Latest RBA Interest Rate Announcement and History

Tuesday 3rd February 2026

At its meeting today, the Board decided to increase the cash rate target by 25 basis points to 3.85 per cent.

  • While inflation has fallen substantially since its peak in 2022, it picked up materially in the second half of 2025.

  • The Board has been closely monitoring the economy and judges that some of the increase in inflation reflects greater capacity pressures.

  • Various indicators suggest that labour market conditions remain a little tight and that they have stabilised in recent months, in line with the pick-up in momentum in economic activity.
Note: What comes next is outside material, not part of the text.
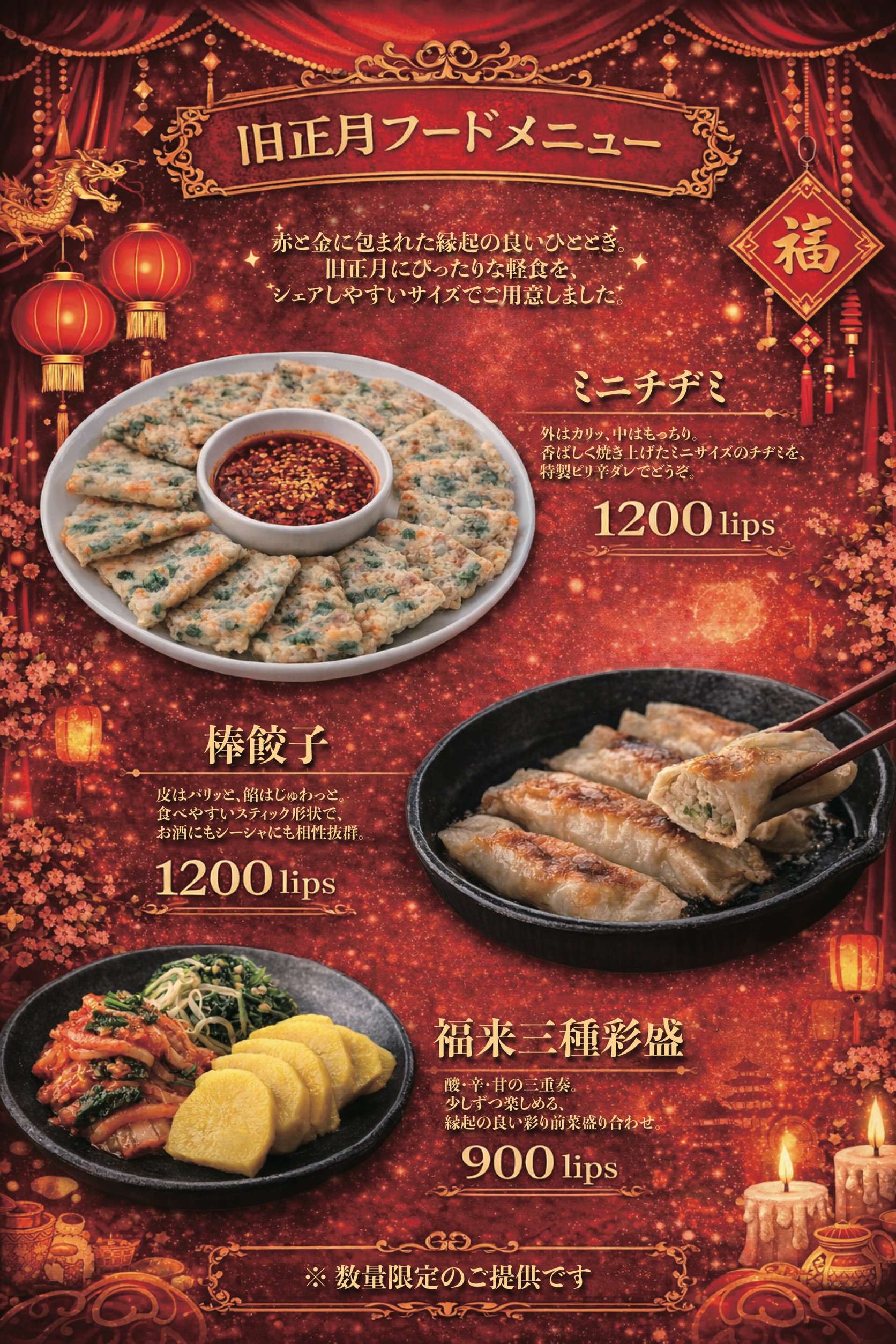 🏮 旧正月フードイベント 🏮 🗓️ 1月30日(金)〜31日(土) 赤と金に包まれた、縁起の良いひととき。 旧正月にぴったりな軽食を、 シェアしやすいサイズでご用意しました。 ミニチヂミ 1,200 Lips 外はカリッ […]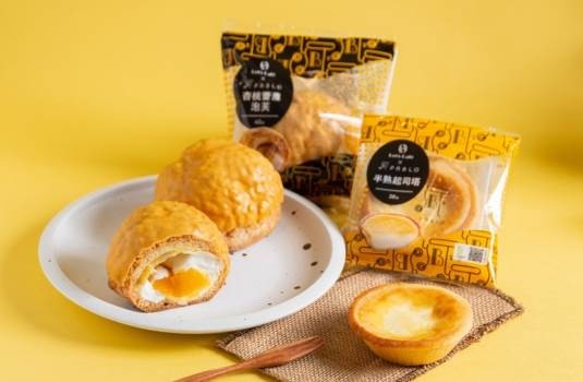 與PABLO聯名,製作出經典美味的商品。使用奶油乳酪、鮮奶油、蛋等調製出口感細密滑口的日式半熟起司。濃郁的起司香氣及滑順口感搭配底層的塔皮,上層再加入蛋液烘烤上色,讓人食用後齒頰留香,更適合搭配茶飲等。(售價38元)

  • The Board will be attentive to the data and the evolving assessment of the outlook and risks to guide its decisions. In doing so, it will pay close attention to developments in the global economy and financial markets, trends in domestic demand, and the outlook for inflation and the labour market. The Board is focused on its mandate to deliver price stability and full employment and will do what it considers necessary to achieve that outcome.

To view the full statement of Michele Bullock, Governor of the Reserve Bank, please click here.



Why do RBA interest rate decisions matter?

RBA interest rate decisions are the key tool for the RBA to influence the Australian economy. They matter for a number of reasons, and affect people of all ages and circumstances:

  • Deposit holders (including individuals and businesses) will experience this directly through the interest rates offered by banks. To some extent, this also applies to the cash and defensive assets within super and other accounts.

  • Borrowers (again, including individuals and businesses) feel the effects through the interest and principal repayments on variable rate loans (and indeed on new fixed rate loans).

  • Lower interest rates tend to stimulate the economy, by improving cashflow for individuals and businesses with debt, as well as encouraging investment spending and employment. Conversely, higher rates restrict household & corporate budgets and spending, putting the brakes on the economy.

  • Expectations of economic performance, along with other mechanisms for pricing financial markets, tend to provide a positive environment for growth investments like shares and property, which feature heavily in more investors portfolios including super.